◆ YOUR INSTRUCTIONS
Omit any pictures, and restate word for word only the lines from the one with "北航2024年优秀员工兼职辅" through the end of the data below.

· · · · · · ·

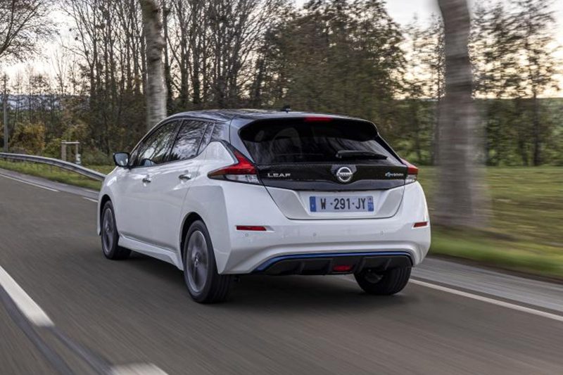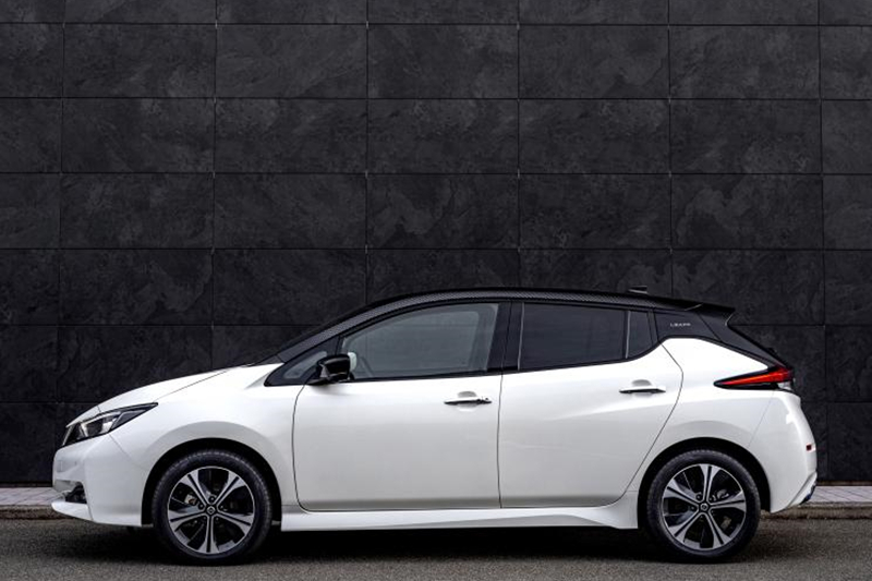 车身侧面,新车采用了双色车身设计,营造出悬浮式车顶的效果,非常时尚。C柱上独特的Leaf10的标致搭配多辐式铝合金轮圈,辨识度很高。此外,10周年纪念版车型提供了盲点干预功能,以及智能的后视镜,科技感十足。
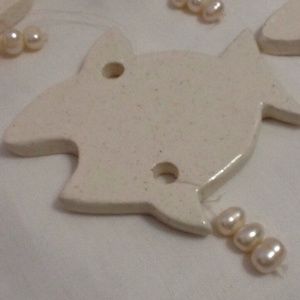 5 ivory colored ceramic fish Made from white sand infused clay, glazed with clear, glossy finish.
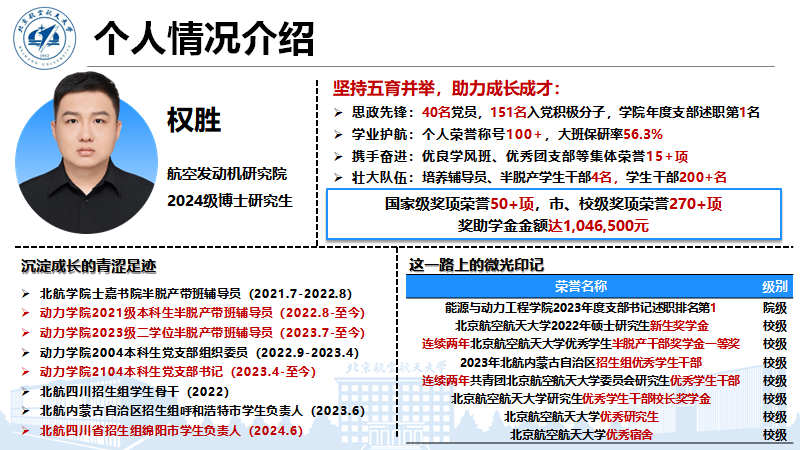 北航2024年优秀员工兼职辅导员奖学金评审圆满落幕,365best体育官网登录航空推进系博士生辅导员张波、2021级本科生辅导员权胜荣获北航优秀员工兼职辅导员奖学金特等奖
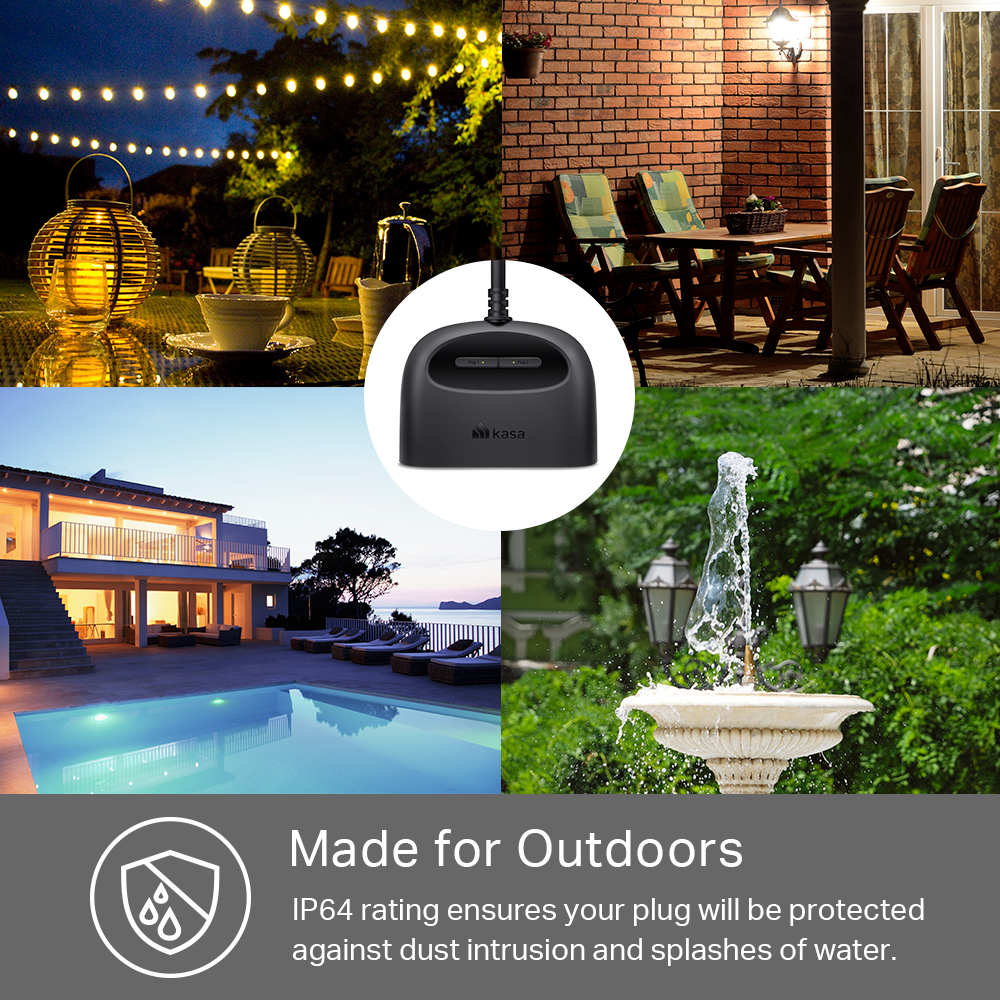 The Kasa Smart Wi-Fi Outdoor Plug has an IP64 rating that ensures your device is protected from dust and splashes of water from any direction. When not in use, the sockets should remain capped with the included weather-resistant cover.
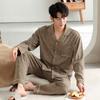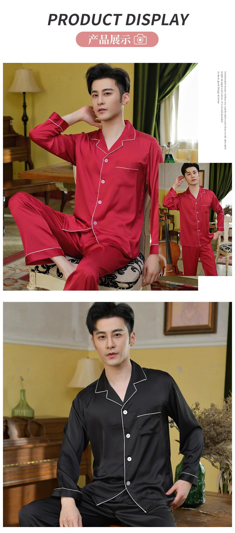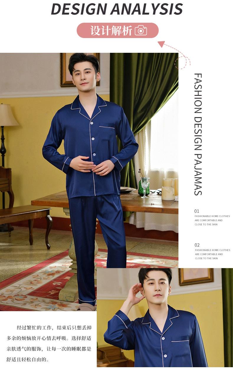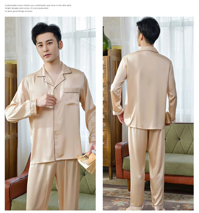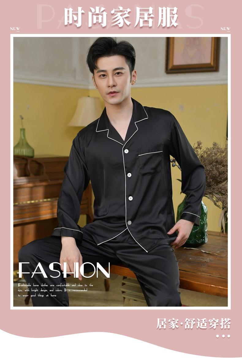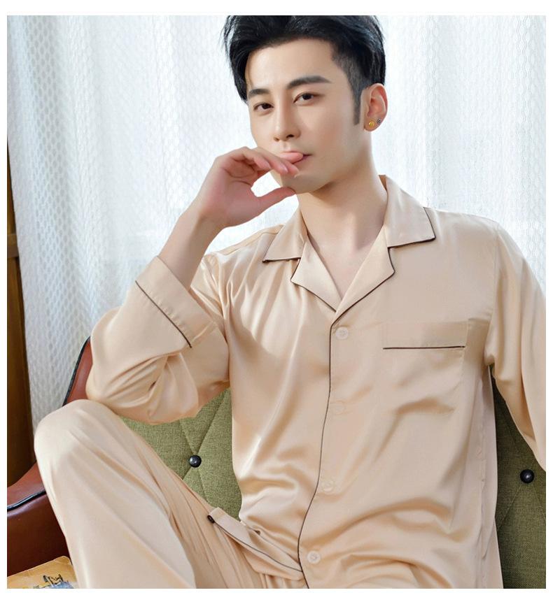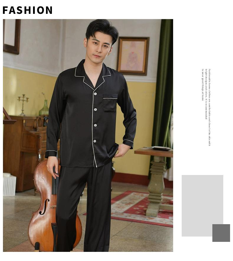 Pijama de seda ligero de lujo para hombre, pantalones de manga larga con solapa, ropa de casa cómoda y agradable para la piel, fábrica al por mayor

· · · · · · ·

◆ EXERCISE ANSWER
 北航2024年优秀员工兼职辅导员奖学金评审圆满落幕,365best体育官网登录航空推进系博士生辅导员张波、2021级本科生辅导员权胜荣获北航优秀员工兼职辅导员奖学金特等奖
 The Kasa Smart Wi-Fi Outdoor Plug has an IP64 rating that ensures your device is protected from dust and splashes of water from any direction. When not in use, the sockets should remain capped with the included weather-resistant cover.
 Pijama de seda ligero de lujo para hombre, pantalones de manga larga con solapa, ropa de casa cómoda y agradable para la piel, fábrica al por mayor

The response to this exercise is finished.